SHEFFIELD, Mass. — Sofia Giumarro is the valedictorian and Nicholas Boardman the salutatorian of the Mount Everett Regional School class of 2020.
This year's graduation was held on Saturday, June 6, at the school. Principal Jesse Carpenter has provided the following remarks on the top students.
Giumarro is the daughter of Sylvia Collins and Robert Giumarro. She is a remarkable young woman, talented in many ways, across arenas. She has been a high honors student throughout her time at Mount Everett and is a member of the National Honor Society. Intelligent, artistic, inquisitive and confident, she has been involved in the choral program at Mount Everett as well as many theater productions, including Shakespeare & Company's high school program Fall Festival of Shakespeare, and working with others behind the scenes to pull productions together.

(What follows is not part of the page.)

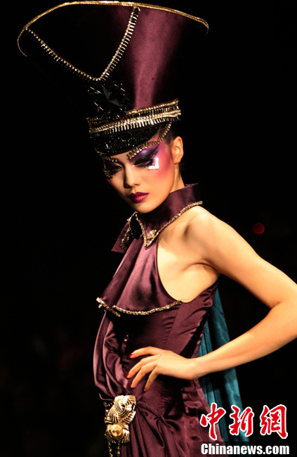 3月27日, 正在北京举行的中国国际时装周(2013/2014秋冬系列)展演上,推出MGPIN·毛戈平彩妆造型发布会,发布会主题为“战争与和平”,通过彩妆艺术作品引发人们对战争的深刻反思,传递人类对和平与品质生活的向往。图为模特展示毛戈平彩妆造型发布会作品。中新社发 钱兴强 摄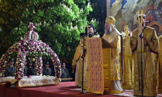Μετά το ψάλσιμο των Εγκωμίων και των Αναστάσιμων Ευλογηταρίων που έψαλλαν εναλλάξ η χορωδία των Ιεροψαλτών και οι Ιερείς με επικεφαλής τον Σεβασμιώτατο Ποιμενάρχη μας, ακολούθησε η περιφορά του Επιταφίου, όπου μέσα σε κατανυκτική ατμόσφαιρα με την συνοδεία τιμητικού αγήματος του στρατού με τα όπλα σε στάση υπό μάλης και τις πένθιμες μελωδίες της φιλαρμονικής μπάντας του Δήμου Τρικκαίων, πραγματοποιήθηκε στην κεντρική πλατεία της πόλεως η συνάντηση των Επιταφίων των ενοριών της πόλεως των Τρικάλων, η οποία ήταν στολισμένη και κυριολεκτικά κατεκλύσθη από τον πολλή κόσμο προς τον οποίον ο σεπτός Μητροπολίτης μας απηύθυνε λόγους αγάπης, πατρικές ευχές και ευλογίες.

Giumarro is a passionate learner, cultivating different thinking skills, developing a global view on current events and expressing her creativeness at every turn. A skilled linguist, she earned the Seal of Biliteracy in French while at Mount Everett. She has a passion for language and would like to be able to combine that with her creativeness. She is a learner in and of life and is aware that some lessons are not taught or learned in the classroom and is eager to explore life and all the options that she has yet to generate. We look forward to seeing all that Giumarro accomplishes during the next adventure she is soon to undertake.
She will be attending Williams College in the fall, where she is planning to study language or history.
Boardman is the son of Leah and Matthew Boardman. He is a rock: A reliable, hardworking and honest and modest young man. A dedicated student, he has challenged himself by taking the most rigorous courses at Mount Everett, has been a high honors student throughout his education and is a member of National Honor Society. He has never let any obstacle come between him and his goals. He continues to triumph in as well as out of school.
He is a member of the Interact group, which comes together to help support the community. Boardman is a four-year member of Model United Nations and started the Paws of a Cause charity event in the fourth grade. He plans to continue the annual fundraiser. Boardman has always been a helpful and dependable person; he is the first person many turn to when help is needed. He believes that throughout life help is needed in many forms for achievement and growth to really flourish. He has been and will continue to be a great mentor to others and we look forward to all that he will being back to his community as he continues his journey.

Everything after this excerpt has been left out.